Incidentally, anybody can post messages. I’m never sure if messages denying the very real threat posed by Islam’s most radical devotees are posted by closet Muslims doing their bit for Allah, or posted by naive do-gooders who will be the first “unbelievers” sent to the wall after the
promised worldwide caliphate is established?
The following excerpt from the Robert Spencer article makes me wonder why Muslims are not told to avoid contact with the “vilest of created beings” by simply emigrating to a Muslim country.
“ . . . in the service of a supremacist ideology that emanates from the Qur’anic assertions that Muslims are the “best of people” (3:110) while unbelievers are the “vilest of created beings” (98:6). Unbelievers are unclean (9:28) – which leads to the conclusion, reasonable to the pious, that Muslims should be chary of contact with them.”

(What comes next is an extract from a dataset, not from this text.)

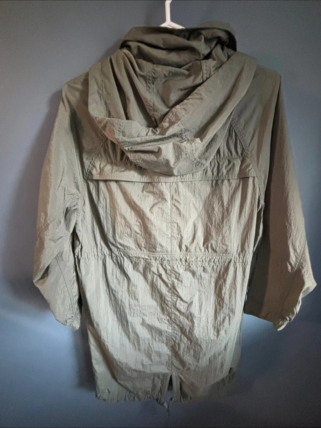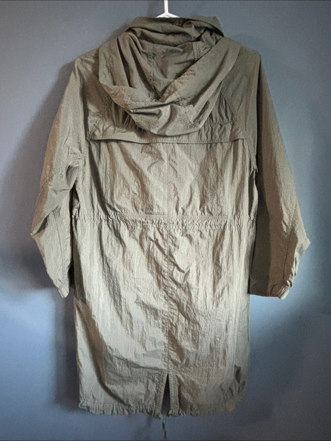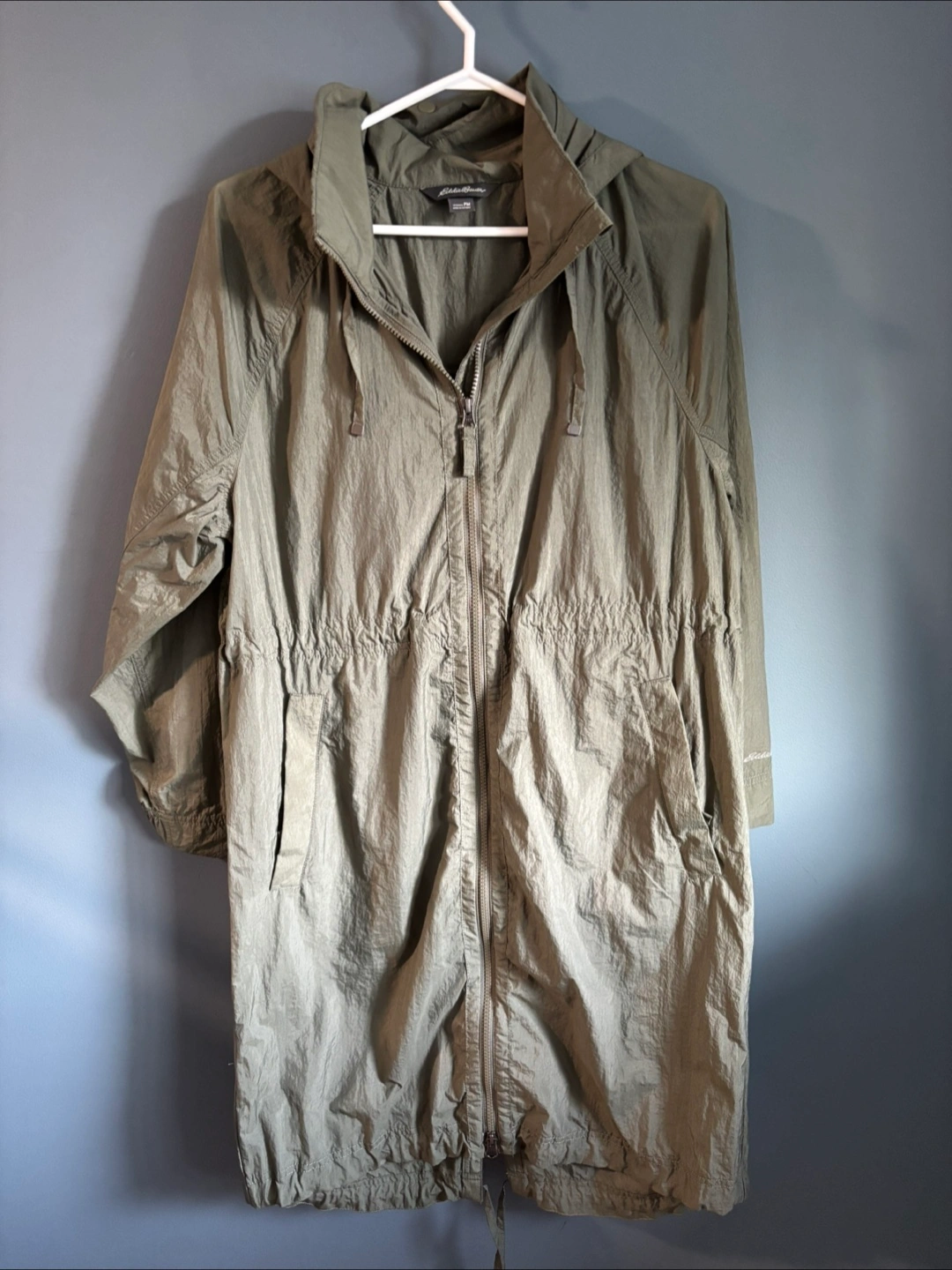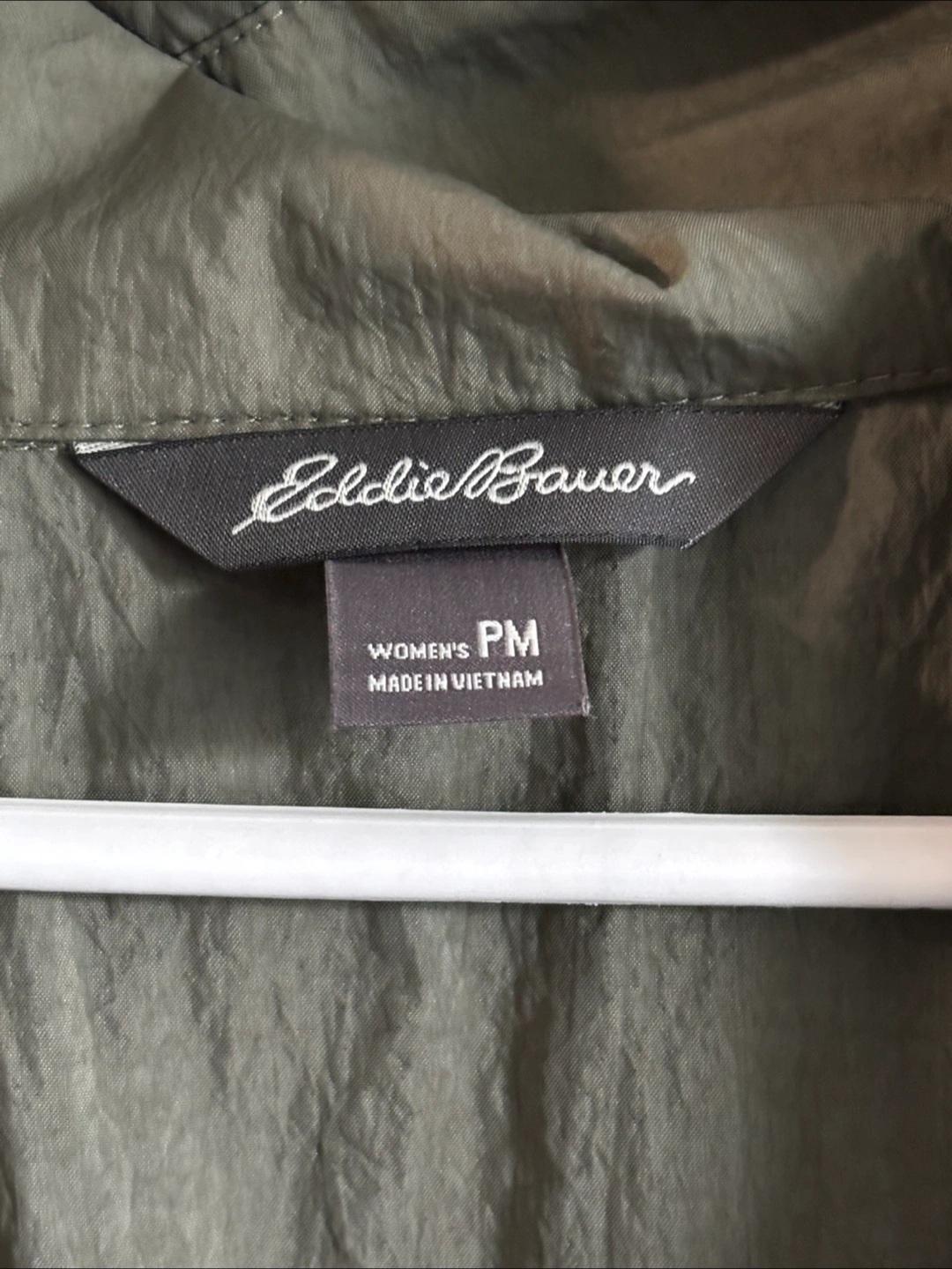 Here's an Eddie Bauer women's rain coat in size PM! It's a lovely olive green colour and is perfect for those rainy days

The MSA: Segregation Not Integration
By Robert Spencer
FrontPageMagazine.com | Friday, February 29, 2008
Muslim students at Australian universities have demanded that class schedules be changed to
work around their prayer times, and that male and female students be provided with separate
cafeterias and recreational areas.
This is in line with similar initiatives in the United States, where the Muslim Students
Association carries, on the “Muslim Accommodations Task Force” page of its website, pdfs of
pamphlets entitled “How to Achieve Islamic Holidays on Campus,” “How to Establish a Prayer
Room on Campus,” and “How to Achieve Halal Food on Campus.”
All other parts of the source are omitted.